Volume is an important indicator to use as part of your technical analysis because it can help you determine the strength of the price movement of a given stock within a given time period.
When a price moves, the bigger the volume, the bigger and more meaningful the overall move. This is particularly true for low float stocks. So when looking at low float stocks, be sure that they have sufficient volume before getting into a trade.
2. News Catalyst
The very fact that a stock is low float indicates that there is a relatively small supply of stock shares available for trading. This means that the supply and demand can shift on a dime.
So when a juicy news catalyst hits, it can strongly impact the price of a stock in question, causing it to rapidly rise (or fall, depending on the news) in price.
As a trader, it’s possible to profit both as the price goes up, or as the price goes down — it’s just a matter of figuring out which way the stock is moving.
How can you use the news to your advantage?
Be sure to research the catalyst to see if the news “has legs.” Cut through the bullshit of self-serving PR statements and try to find the real scoop yourself.
Be sure to back it up with research from the earnings reports and by checking out the stock’s charts to see if you can find any strong patterns.
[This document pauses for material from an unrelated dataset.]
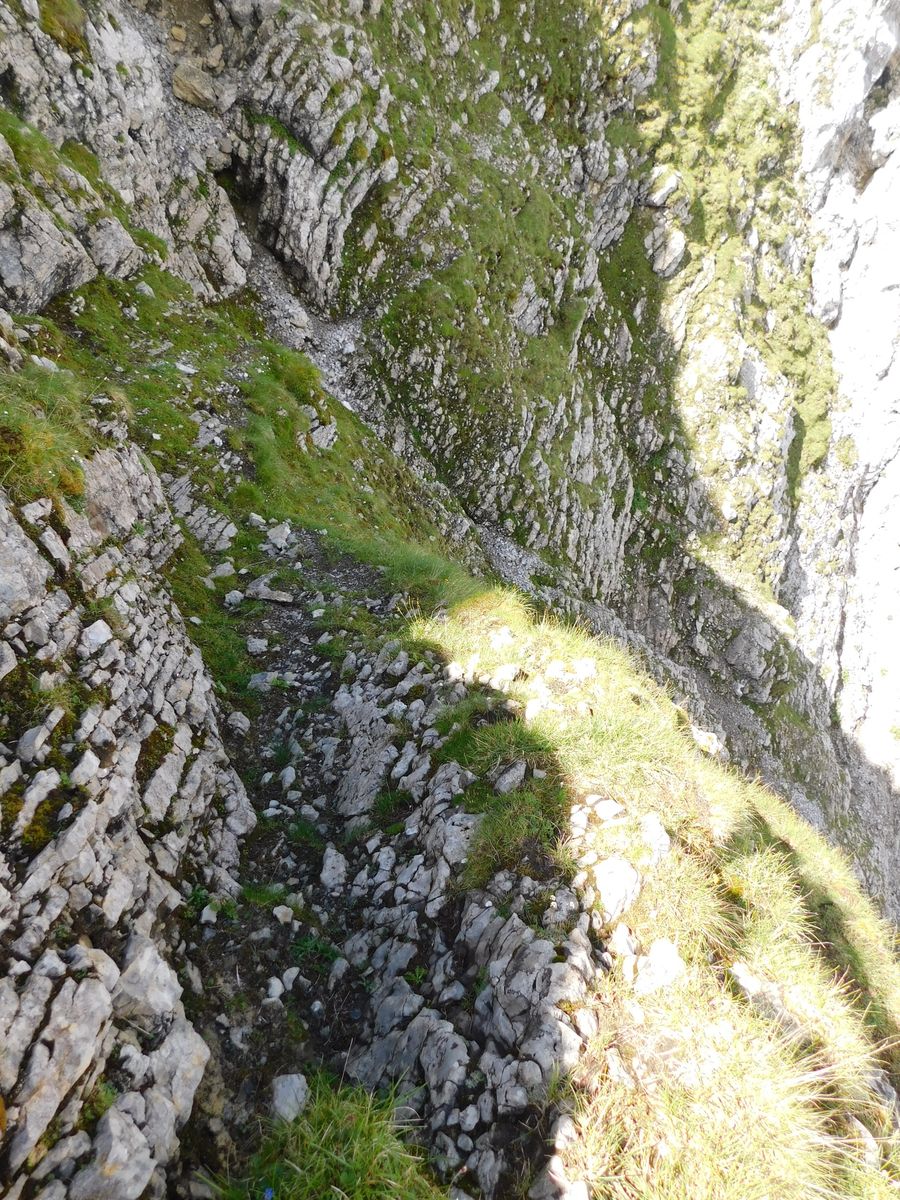 Von der Zwischenscharte muss man eine steile Grasflanke hinunterqueren und zur Grünen-Rinn-Scharte aufsteigen. Es ist aber nicht so wild wie es auf manchen Fotos aussieht, immerhin ist bei der Querung ein schmaler Pfad vorhanden:

If you’ve identified a strong news catalyst and can back it up with research, it’s a key indicator that a low float stock could be moving in ways that could offer trading opportunities.
Of course, I should add a caveat about rumors. Rumors can move a stock price, but you shouldn’t necessarily trust them!
The Bottom Line
Low float stocks can be a great way to profit off of the stock market if you are willing to do your research and make sure you have your analysis nailed down.
The fact that they are low float means that the volatility in the trade is going to be much higher. More volatility = More price action = More potential profit$$.